Dengan demikian, manajemen harus ragu-ragu untuk mengubah kebijakan dividennya, karena
perubahan dapat menyebabkan pemegang saham saat ini menjual saham mereka, memaksa harga
saham turun. Penurunan harga semacam itu mungkin bersifat sementara tetapi mungkin juga permanen
— jika beberapa investor baru tertarik dengan dividen baru kebijakan, maka harga saham akan tetap
tertekan. Tentu saja, kebijakan baru mungkin menarik klien yang lebih besar dari perusahaan
sebelumnya, dalam hal ini harga saham akan naik. Bukti dari beberapa penelitian menunjukkan bahwa
sebenarnya ada efek pelanggan. Itu telah diperdebatkan oleh MM dan yang lainnya bahwa satu klien
sama baiknya dengan yang lain, jadi Keberadaan efek klien tidak selalu berarti bahwa satu kebijakan
dividen lebih baik dari yang lain. Namun, MM mungkin salah, dan bukan mereka atau siapa pun lain
dapat membuktikan bahwa susunan agregat investor memungkinkan perusahaan untuk mengabaikan
klien efek. Masalah ini, seperti kebanyakan orang lain di arena dividen, masih ada di udara.
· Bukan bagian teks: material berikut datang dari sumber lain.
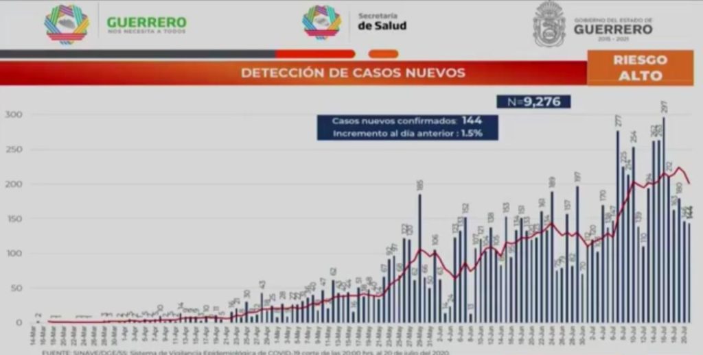 Chilpancingo, Guerrero.- La Secretaría de Salud Guerrero (SSa), reportó este martes que en los últimos cuatro días se ha registrado un ligero descenso en el número de contagios por Covid-19, aunque aún no se puede celebrar nada.

Ketika MM menetapkan teori ketidakrelevanan dividen mereka, mereka berasumsi bahwa semua orang
— investor dan manajer — memiliki informasi yang identik mengenai laba dan dividen masa depan
perusahaan. Namun pada kenyataannya, investor yang berbeda memiliki pandangan yang berbeda baik
pada tingkat pembayaran dividen masa depan dan ketidakpastian yang melekat pada pembayaran
tersebut, dan manajer memiliki informasi yang lebih baik tentang prospek masa depan daripada
pemegang saham publik. Telah diamati bahwa peningkatan dividen sering disertai dengan peningkatan
harga saham dan bahwa pemotongan dividen umumnya mengarah ke penurunan harga saham.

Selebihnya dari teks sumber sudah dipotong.